According Stolberg's crack reportage, countless families of those veterans, both half-alive and dead, think George W. Bush, whom they like to call "the "comforter in chief," is "a big softie" and "a good guy."
OK, not all of them. Melissa Storey got invited to the White House after writing a letter pledging her undying fealty to Dubya. She said "I don't hate him because my husband is dead." Er, fallen. White House staffers ferreted out Mrs. Storey's letter and invited her to the Oval Office. However, another letter-writer mentioned by Stolberg, Bill Adams of Lancaster, Pa., sent Dubya a different message, Adams wrote that the military had lied to him about the death of his son, Brent. Had he been granted an audience with Bush, Adams admits he wouldn't have reached out for a hug. "My son's life was squandered," Adams said.
Guess who didn't get invited to the White House.
From Stolberg's latest puff piece, two lessons come pretty clear. The first is that the hardest thing for any family to admit is that a child of theirs, killed in the flower of youth, has died in vain, in dubious battle. The second is that there is no human depravity from which some of its victims cannot be called forth to forgive the unforgivable.
Let us remember that Hitler's favorite photo ops showed him cuddling with children. Joseph Paul Goebbels, the Feuhrer's propaganda chief and one of the great public relations pros in history, lacked the imagination of Dubya's publicity squad.
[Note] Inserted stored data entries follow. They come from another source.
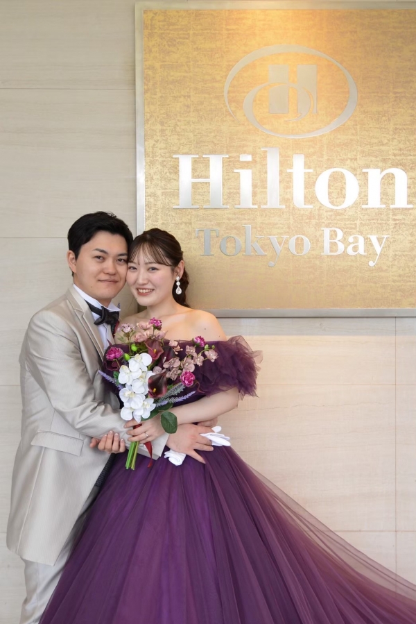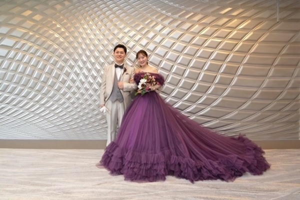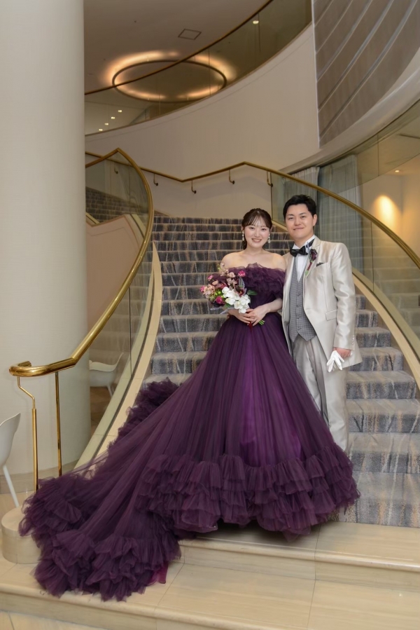 輝きのあるウェディングドレスとリュクスなパープルドレスを美しく着こなしていただき
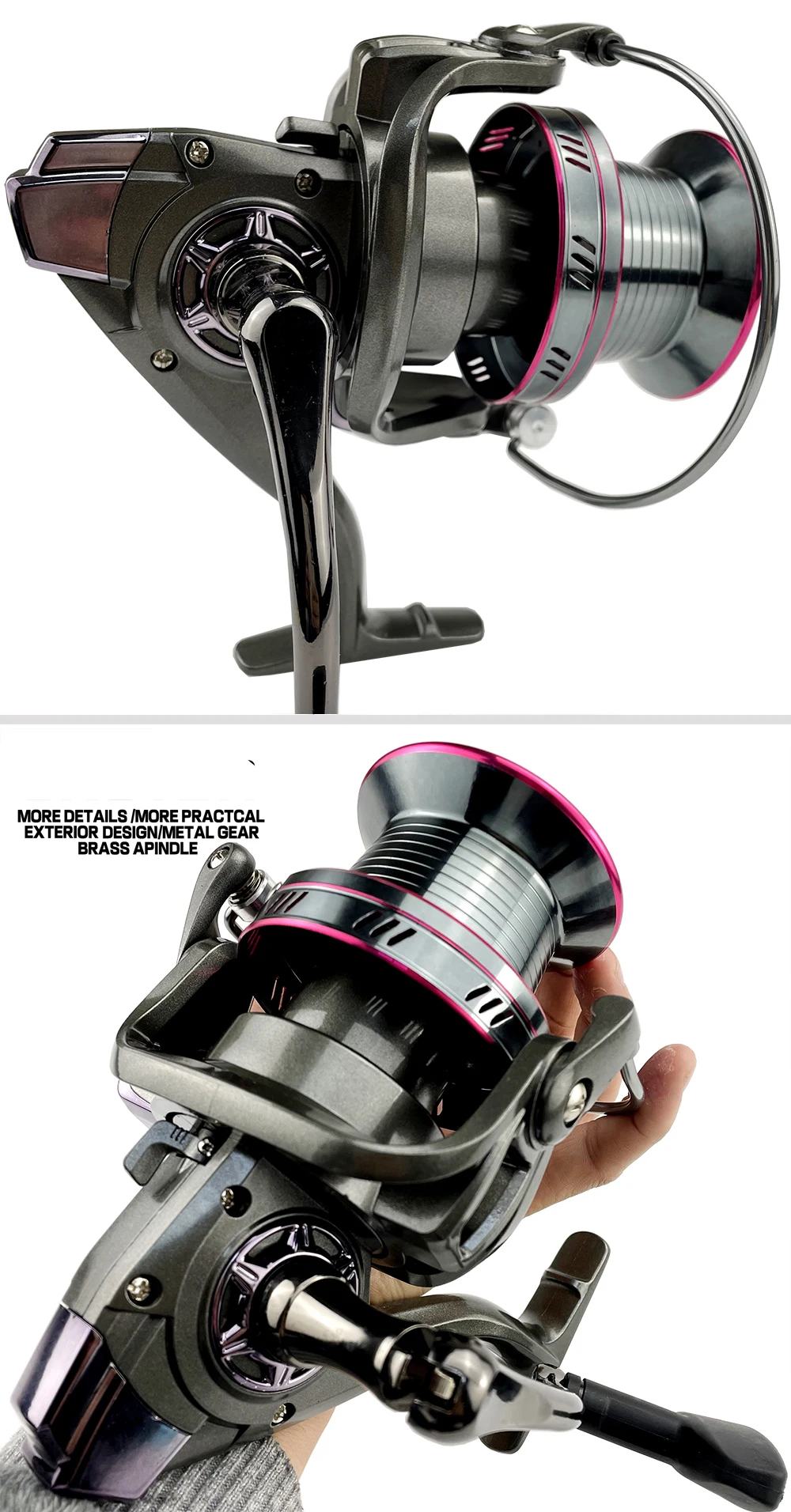 1. Stainless Steel Ball Bearings provides smoother operation2. Metal wire cup, strong and durable,, no damage to the fishing line3. Aluminum alloy handle, firm and comfortable4. Left and right interchangeable rock arm5. Thicker metal throw line coil, durable,not deformed.6. High composite material reel body, strength raided largele.Basic Information:Reel Type: Spinning Fishing ReelGear Ratio: 4.0:1Series: 9000 / 10000 / 12000Spool: MetalHandle: T-shaped, left and right interchangeableMax drag for 9000 series is 20 kgMax drag for 10000 series is 25 kgMax drag for 12000 series is 30 kgPackage included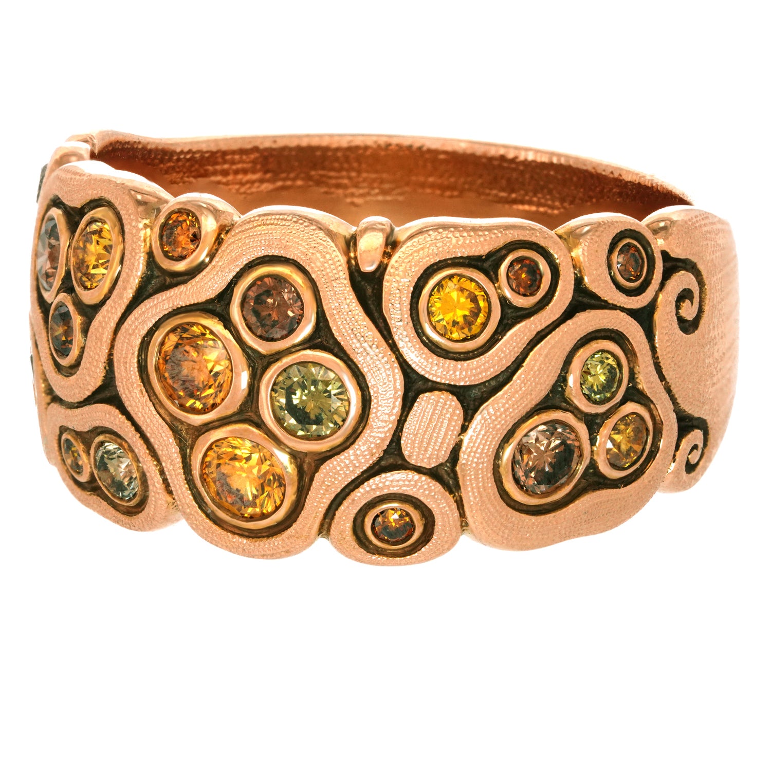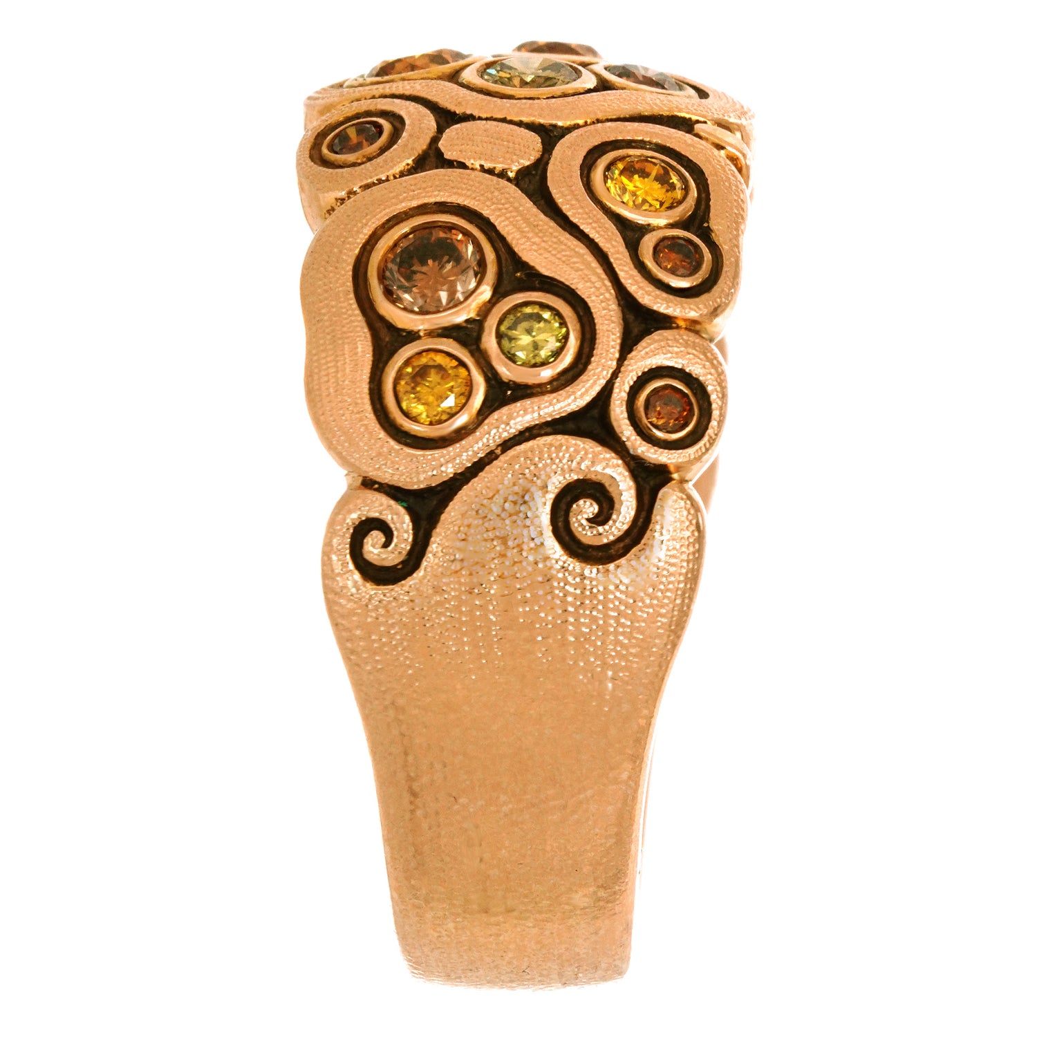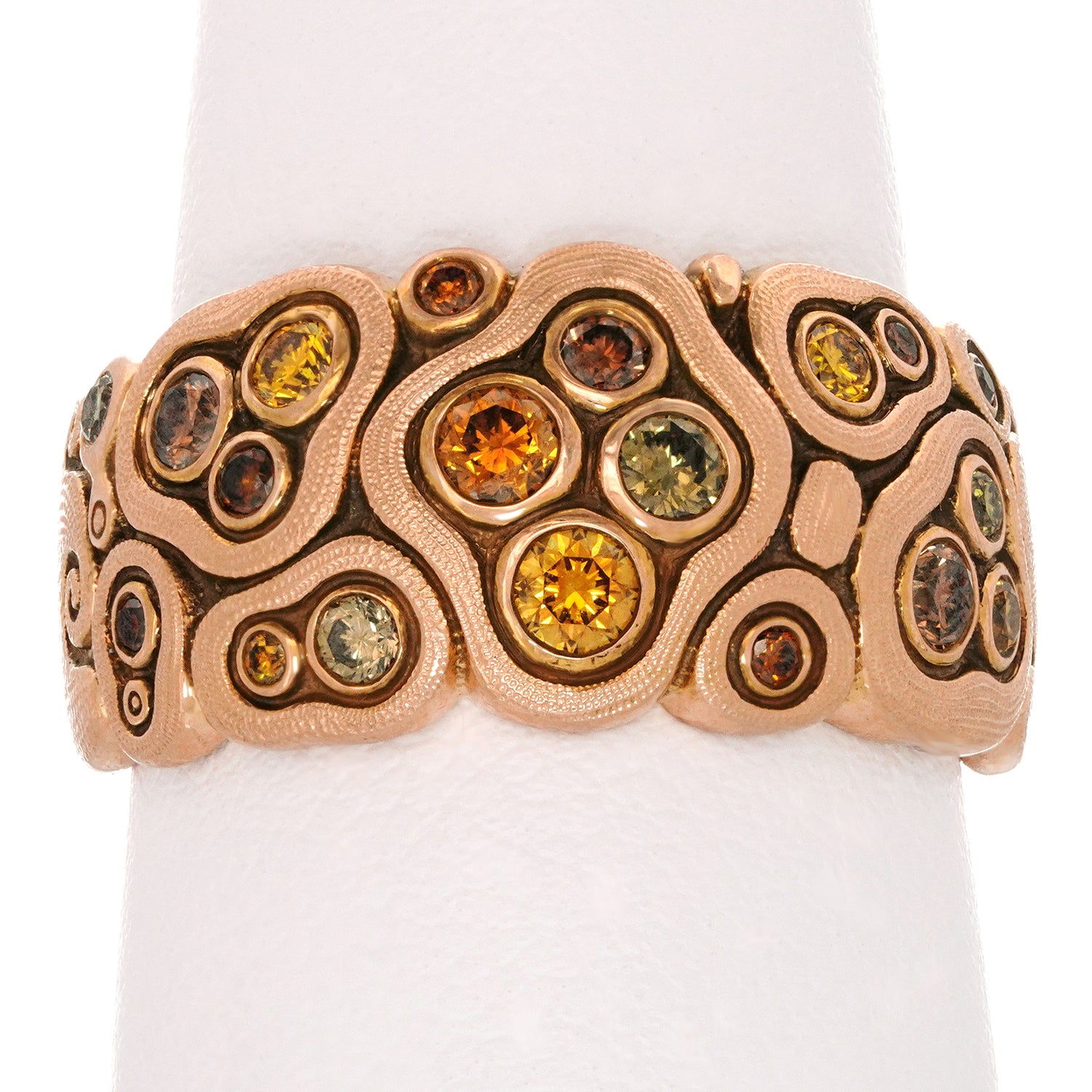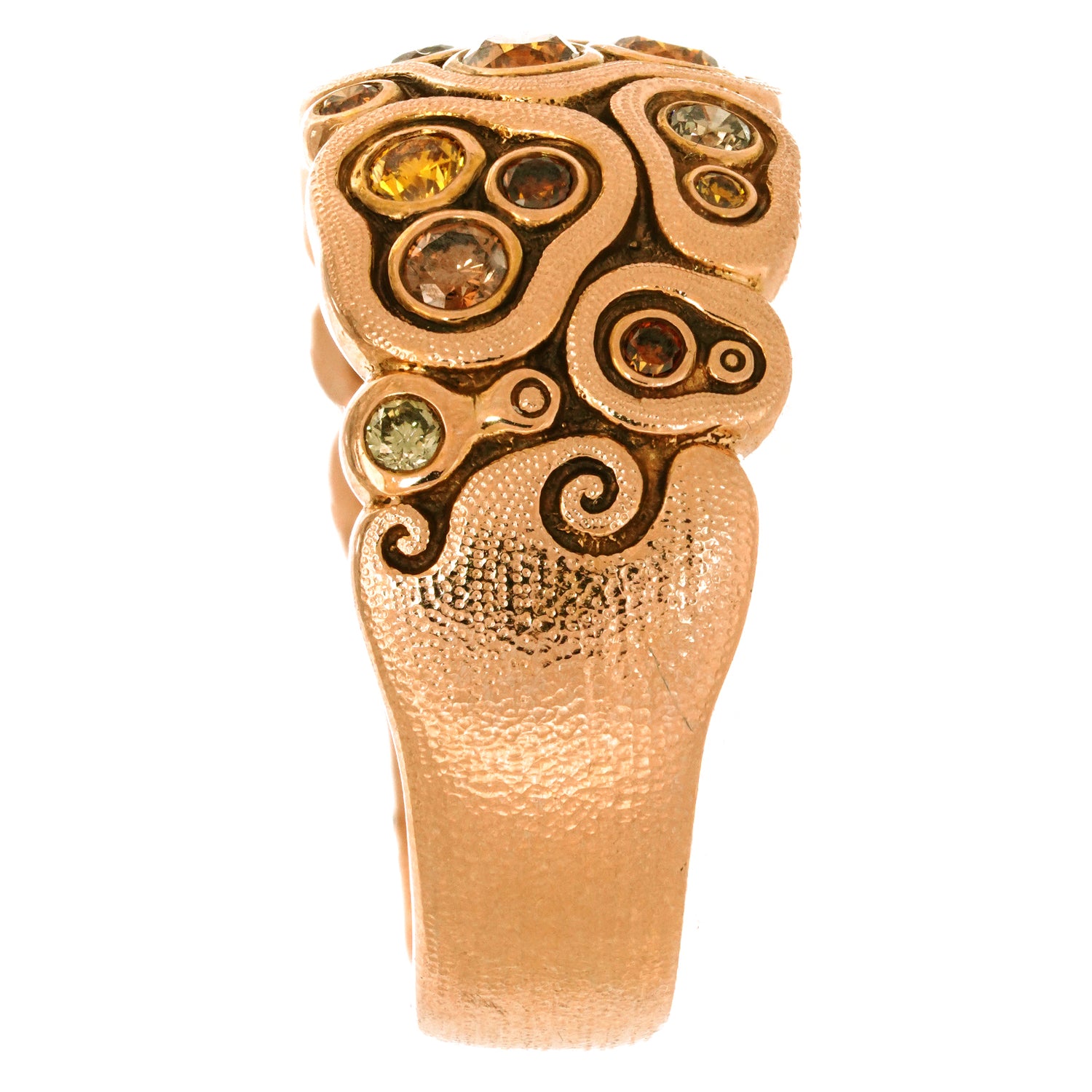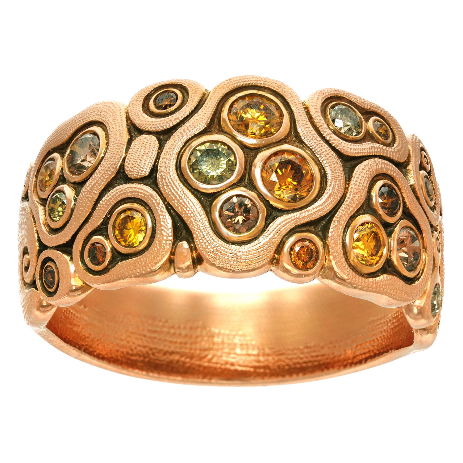 Circa 2000s, 18k, by Alex Sepkus, American. This gorgeous "Swirling Waters" ring by Alex Sepkus has a stunning visual narrative. Set with .50 carats of rich fancy colored diamonds, the look is a technicolor candy store dream. Well-made in warm eighteen-karat gold, this ring is in excellent condition.
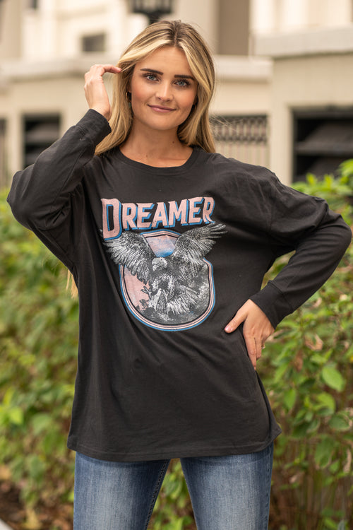Wild Free Sweet Heart Oversized Graphic Long Sleeve T-Shirt Black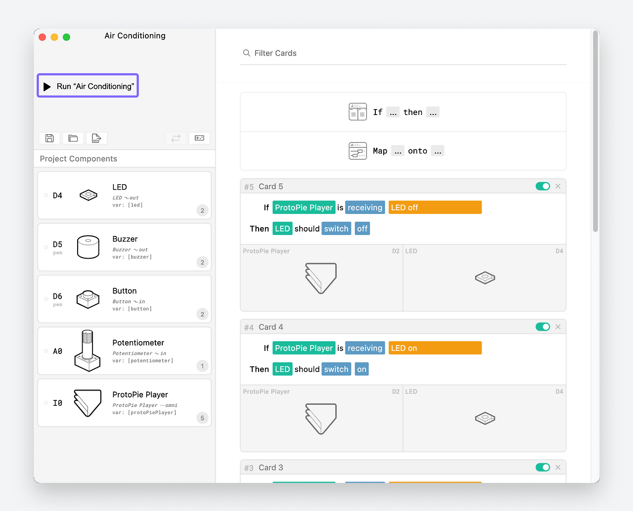 ProtoPie의 값을 사용하여 LED를 페이드인 및 페이드아웃하려면, blokdots의 Map... onto 카드를 사용하여 ProtoPie의 값을 하드웨어 구성 요소에 매핑할 수 있습니다.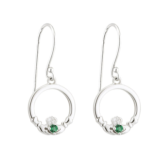 Sterling Silver Green Crystal Claddagh Drop Earrings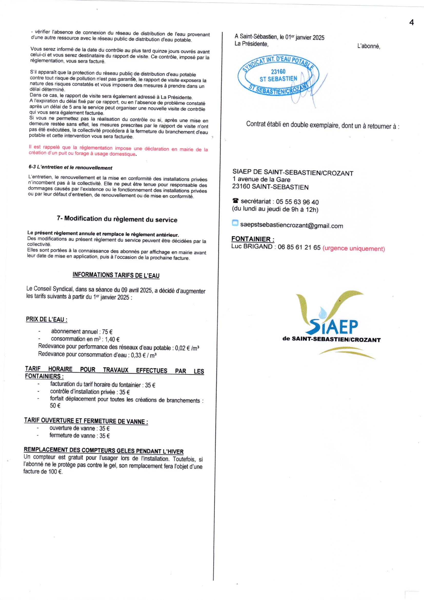 SIAEP DE ST SEBASTIEN CROZANT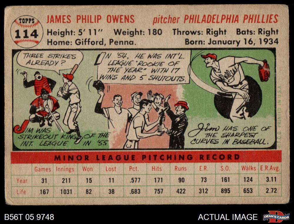 1956 Topps #114 WHT Jim Owens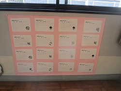 環境委員の取り組みとして、3年生へのメッセージが1階ホールに飾られました。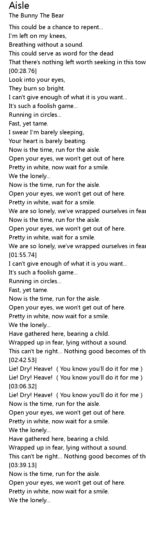 | [03:53.64] | Now is the time, run for the aisle. |

But, if he'd had a chance to learn from the Bush White House, who knows? He might have unearthed a few befuddled victims of his war, perhaps the family of a Warsaw ghetto Judenrat cop trampled by his fellow Jews in a food riot. The ensuing photo op would have immortalized the family hugging Hitler inside his HQ at Wolfsschanze.
Wolfsschanze, conveniently, was in Poland, making it convenient to ship the family - still starry-eyed from their visit with the charming and empathetic comforter-in-chief - straight to Auschwitz...
Where no cameras covered the unloading of the trains... sort of like cargo planes in Dover.